CHANNEL AND SYSTEM MODELS
We consider a broadband frequency-selective Rayleigh fading MIMO channel with N MCCDMA
subcarriers, NTx transmit, and NRx receive antennas. Suppose that the frequency-selective
fading channel between each pair of transmit and receive antennas has D independent paths
and the same power delay profile. Taking the downlink case and assuming that all users
experience the same fading, the time domain channel impulse response from the ith transmit
to the rth receive antenna can be modelled as a tapped delay line. We assume that the MIMO
channel is spatially uncorrelated; that is, the channel taps are independent for different
antenna indices (i, r) and the channel responses for specific antenna pairs are correlated in
frequency due to the circular symmetric structure of the channel matrix and close subcarrier
spacing.

SIMULATION RESULTS
A simulation platform has been used to compare the bit error rate (BER) performance of CDD
and STBC MC-CDMA systems with and without frequency interleaving. All results are produced
for BER vs. SNR, defined as the transmitted bit power over the noise power spectral density
(Eb/N0). A total bandwidth of 101.5 MHz has been considered for 768 subcarriers with a
spreading factor of 16. Walsh-Hadamard spreading codes are used. A 1024-point IFFT/FFT is
employed for 768 subcarriers. From the total bandwidth, 250 kHz is dedicated for CP, which
leaves the subcarrier spacing of 131.836 kHz. Hence, the total MC-CDMA symbol duration
becomes 8.029 s (7.585 and 0.444 s for data and CP, respectively). A half-rate convolutional
encoder (R = 1/2, (133, 171)8) and soft Viterbi decoder are used for channel coding and
decoding. An 18-tap Rayleigh fading channel model with one receive antenna is used in all
simulations. The delay values for the CDD system are chosen according to Eq. 7. Perfect channel
estimation with MRC for single and MMSEC detection for fully loaded systems are used.
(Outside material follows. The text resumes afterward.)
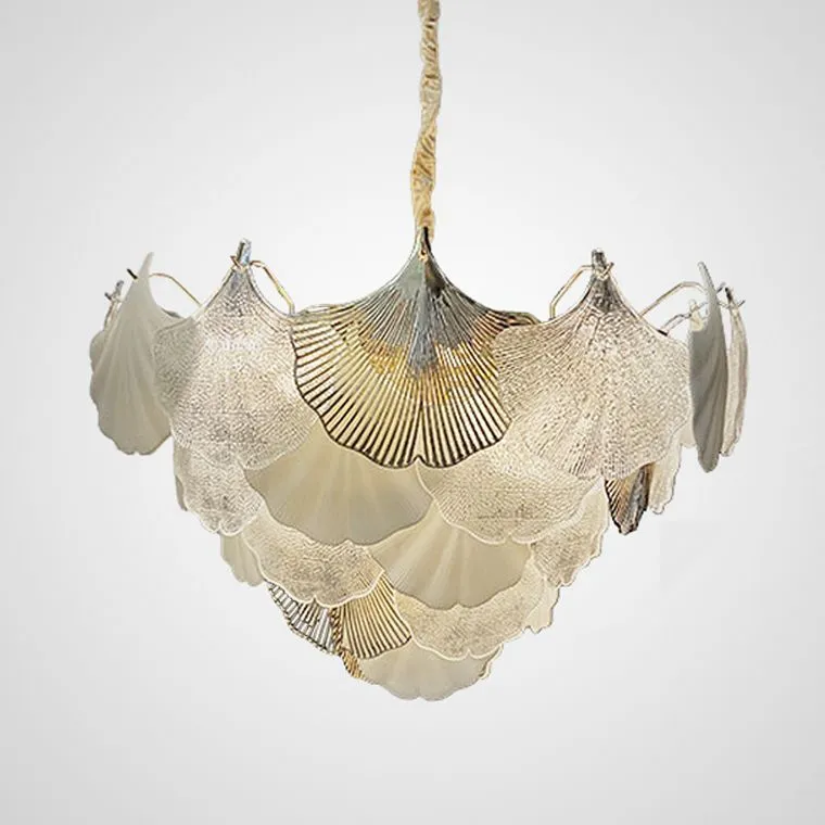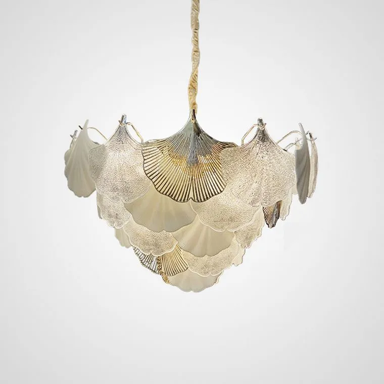 Этот нежный листопад сияет прекрасными оттенками, отображая красоту природы в самом изысканном виде. Узоры листьев гинкго, созданные из матового и прозрачного стекла, и металлических подвесок, образуют абажур многоярусной конструкции, которая наполняет пространство светом и атмосферой таинственности.

Both
uncoded and coded results are presented to show that CDD can achieve significant diversity
levels with the help of spreading and, when used with channel coding, can extract spatial as
well as multipath diversity, which makes it quite desirable with its associated simplicity.
CONCLUDING REMARKS
In this paper they compared the performance and applicability of two transmits diversity
schemes applied to an MC-CDMA system. The diversity schemes of choice were CDD and STBCs,
owing to their comparably low implementational complexity. The following advantages and
disadvantages could be pinpointed, which allow the system designer to trade complexity
against performance. The CDD scheme is much simpler to implement and can be used for any
number of transmit antennas. It conforms with current standards because, independent of the
number of transmit antennas, the receiver remains unchanged. An additional advantage is that
it requires only one IFFT operation per symbol at the transmitter. This scheme is thus ideal for
MC-CDMA, because it gains from the systems spreading and achieves sufficient diversity even
for an uncoded system. For a coded system, it still provides significant spatial and multipath
diversity gain, which can be improved further by employing interleaving in the time and
frequency domains.
With the above observations they conclude that, in terms of complexity and standard
conformity vs. error rate performance, CDD performs optimally in conjunction with an MC-
CDMA system operating under realistic load and channel conditions.